This summer, I worked with Dr. Irene Wong in the School of Social Policy and Practice on two projects. The first study assessed how stigma against mental illnesses and HIV/AIDS affected the health of people with mental disorders in rural China . The second study piloted a training intervention for Chinese rural healthcare providers to reduce mental health stigma through improving the providers’ capacity for empathy.
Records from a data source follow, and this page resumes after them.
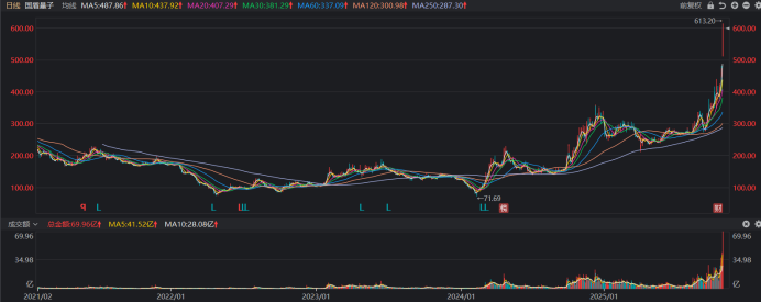 近期,国盾量子股价快速拉升,截至今日收盘,其近28个交易日累计上涨106.4%,成为年内又一只“翻倍牛”。其中,国盾量子近2个交易日连续涨幅超10%,成交额也接连放量,今日成交额达69.96亿元,为其上市以来的最高纪录。目前,国盾量子以599元的股价在整个A股市场中位列第三,仅次于贵州茅台(1426.74元)、寒武纪(1422元)。
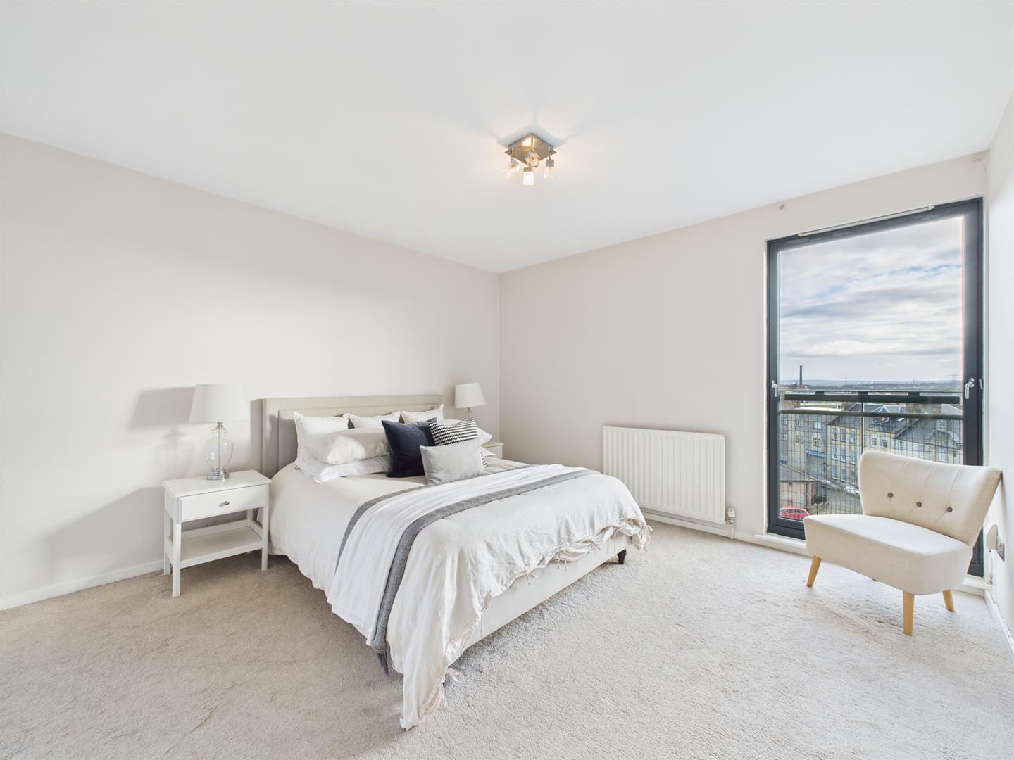 Taking the stairs to the upper level, you will find the large, open-plan lounge/dining area with a full-length Juliet-style window, again offering stunning views across Paisley's skyline. The kitchen is a semi-open plan and features a range of floor and wall units, as well as contrasting worktops.
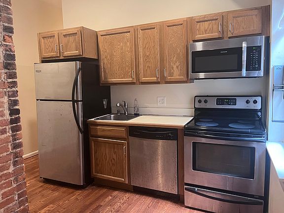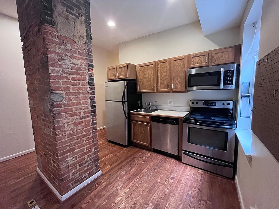 Nestled within this welcoming neighborhood of Mount Vernon, you'll discover esteemed institutions like the Walters Art Museum and the exquisite Peabody Library, embraced by centuries-old architectural marvels encircling the iconic Washington Monument. Your culinary cravings will be fulfilled by a diverse array of dining options, and the nightlife caters to all tastes, with trendy cocktail bars, cozy dive bars, and vibrant venues hosting dance music and live bands. Step into this inviting, sunlit apartment, where modern charm takes center stage with stainless steel appliances a dishwasher, refrigerator, stove/oven, and microwave. The convenience of a stacked washer/dryer adds to its appeal. In the living room, the fusion of a faux fireplace and exposed brick crafts a truly welcoming atmosphere. Enhancing your comfort, the apartment boasts a recently installed HVAC system, a separate hot water tank, and an upgraded electrical system featuring 120 AMP panels. Easy Access: 11-minute bike ride to Inner Harbor 20-minute walk to Penn Station-Baltimore 22-minute drive to BWI Airport Alternatively, you can conveniently access the Light Rail Link at the nearby Mt. Vernon (Centre Street) station, around the corner on N. Howard Street, which connects you directly to Inner Harbor, Penn Station-Baltimore, and BWI Airport. Tenant is responsible for all utilities, and a one-year lease with a one-month deposit is required. Renter responsible for all utilities. One year lease. One month deposit required
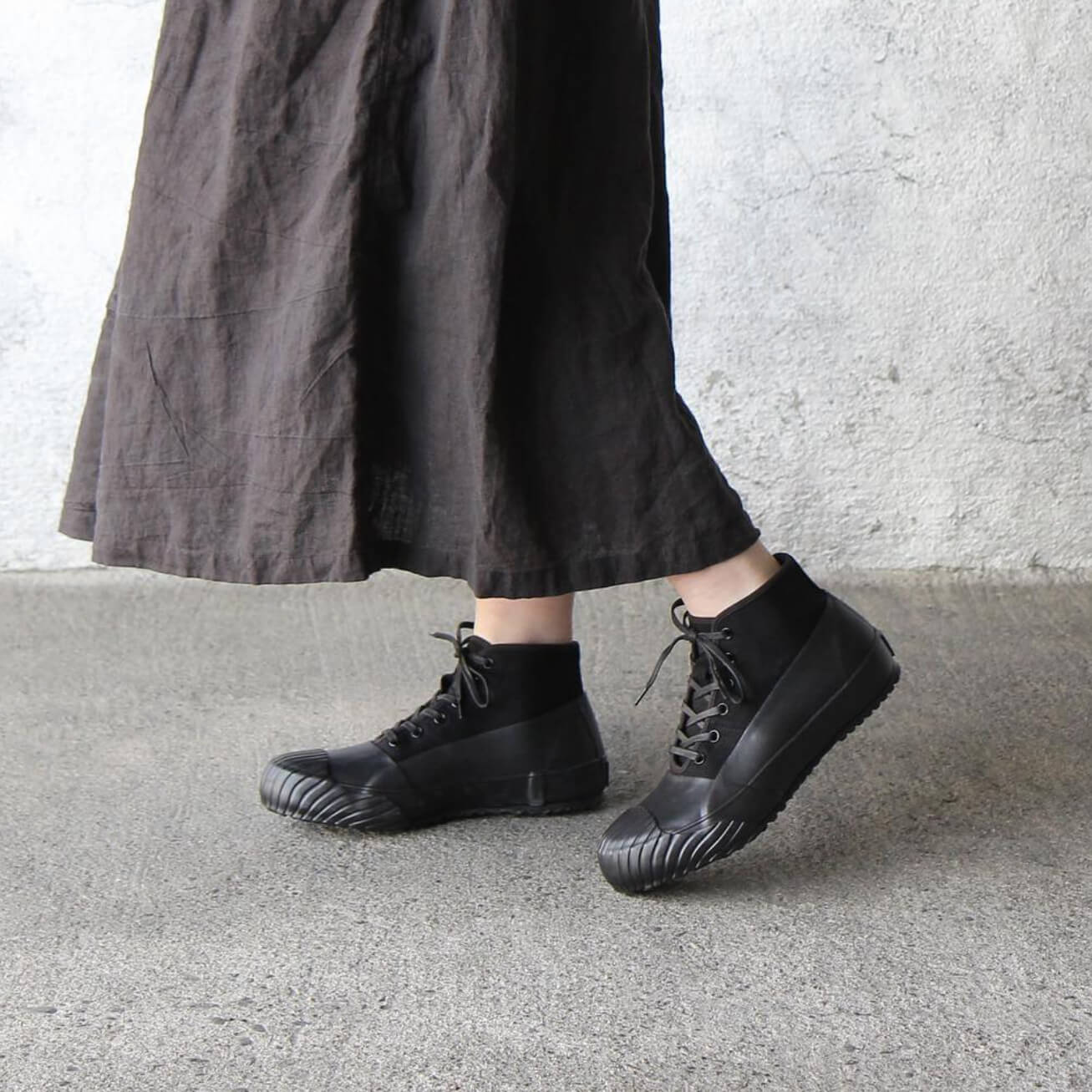 Canvas shoes with a fine rubber sole that extends up the sides by Moonstar. Made of high-quality water-resistant cotton canvas and “vulcanized rubber,” which naturally conforms to the shape of your foot. The surrounding rubber guards against rain, snow, and mud, so you can wear them in “all-weather” conditions.
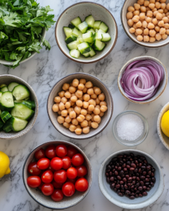Chickpeas are the star of this recipe. Their slightly nutty flavor and firm texture hold up beautifully in salads. Unlike softer beans, chickpeas maintain their structure even after marinating in dressing.
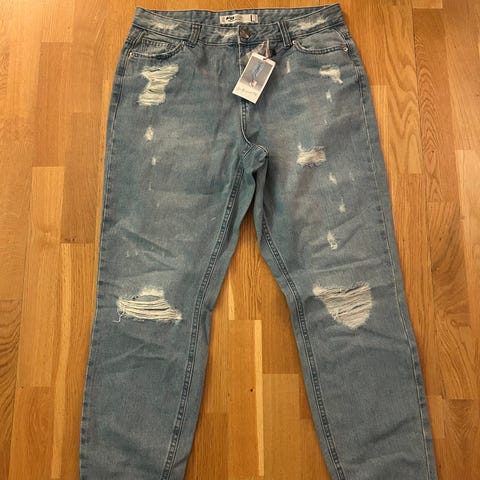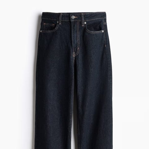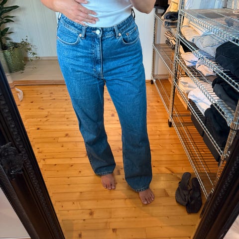 Selges en 5-lommersjeans i bomullsdenim uten stretch som i begynnelsen føles fast, men som med bruk blir mykere og ledigere. Rette ben med ledig passform fra midjen til hoftene. Bena har baggy passform fra lårene og ned. Høy midje og gylf med knapp og glidelås. Lengre lengde, designet for å ligge i krøll over foten. Et avslappet og kult denim statement.
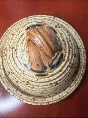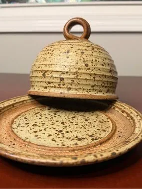 Signed Handmade Stoneware Speckled Covered Dome Butter Dish
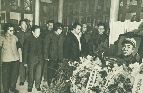 295.彭德怀和陶铸的追悼大会1978.12.24在北京人民大会堂举行。追悼会后,彭德怀的骨灰移往八宝山革命公墓骨灰堂安放。彭总的夫人浦安修及侄儿、侄女们哀痛地向彭总的骨灰告别。
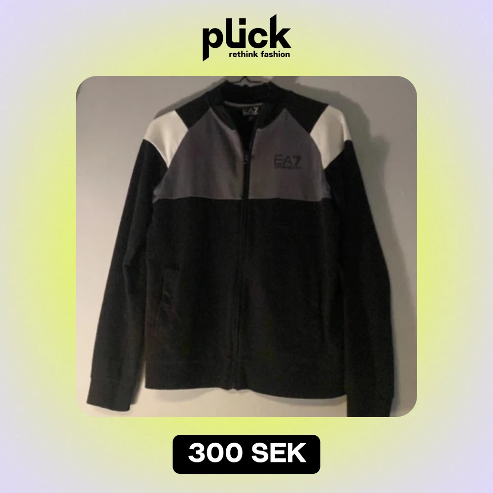 Svart vit zip crew neck från EA7. Okej skick. Storlek 160. Nypris: 900
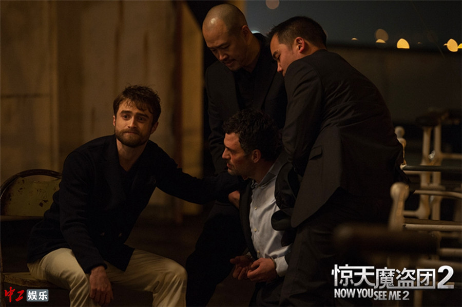 在此次发布的“澳门风云”版人物关系剧照中,几位角色之间原本扑朔迷离的关系更显复杂。剧照中,四骑士和马克·鲁法洛5人共处一室合谋大计,同盟关系呼之欲出;而在杰西·艾森伯格与马克·鲁法洛的单独对阵中,两人却表情微妙,气氛似乎并不和谐。暗潮涌动之间,两人是否只是表面互相配合的同盟关系,观众不得而知。在冲突重重的剧照中,“哈利·波特”丹尼尔·雷德克里夫的反派身份显露无遗,无论是在他与马克·鲁法洛还是与四骑士之首杰西·艾森伯格的关系剧照中,都能看出丹尼尔·雷德克里夫与天眼组织成员的对立关系。至于演变成这一险恶关系的前因后果,以及其间穿插的充满悬疑的层层阴谋,就要等影片上映后再一一揭晓了。至于周杰伦面向四骑士以及马克·鲁法洛的站位可以看出,他在影片中的角色不仅仅只是一个魔术道具店老板这么简单。而剧照中,画风一变,互相走近的戴夫·弗兰科和丽兹·卡潘,将整个阴暗神秘的风格瞬间变成了充满小清新暧昧情愫的恋爱场所,两个年轻人的爱情故事也许将在这里发生。
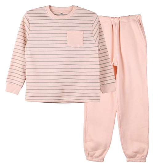 裏起毛 ルームウェア パジャマ 女の子 長袖 ボーダー柄 女児 子供 キッズ ジュニア 上下セット 130 140 150 160 cm セットアップ トレーナー ガーイズ あったか 暖かい 保温 防寒 秋冬 冬 長ズボン ポケット付き 冬用 部屋着 (在庫限り)

I spent most of June in China assisting in data collection for the two studies before returning to Philly for the rest of the summer. My daily responsibilities included data entry, data cleaning, and data management. I also scored survey responses, ran a variety of statistical tests on the data, and wrote codebooks for the data from the two studies. Additionally, I was privileged enough to meet healthcare providers and family members of patients while in China. I learned about various effects of healthcare policies and mental health beliefs, as well as different perspectives on the strengths and weaknesses of China’s healthcare system. It was extremely interesting to compare and contrast the ways individuals on different levels of the Chinese healthcare system reacted to existing inequities.
Sociology is not my intended field of study, but spending this summer looking at healthcare from a sociological perspective was a valuable change from my STEM classes during the school year. As a pre-med student, I know that understanding basic science is crucial to being a good doctor. However, understanding the factors that shape healthcare inequities between groups of people is equally important, and I would not have gotten such a hands-on learning experience without PURM.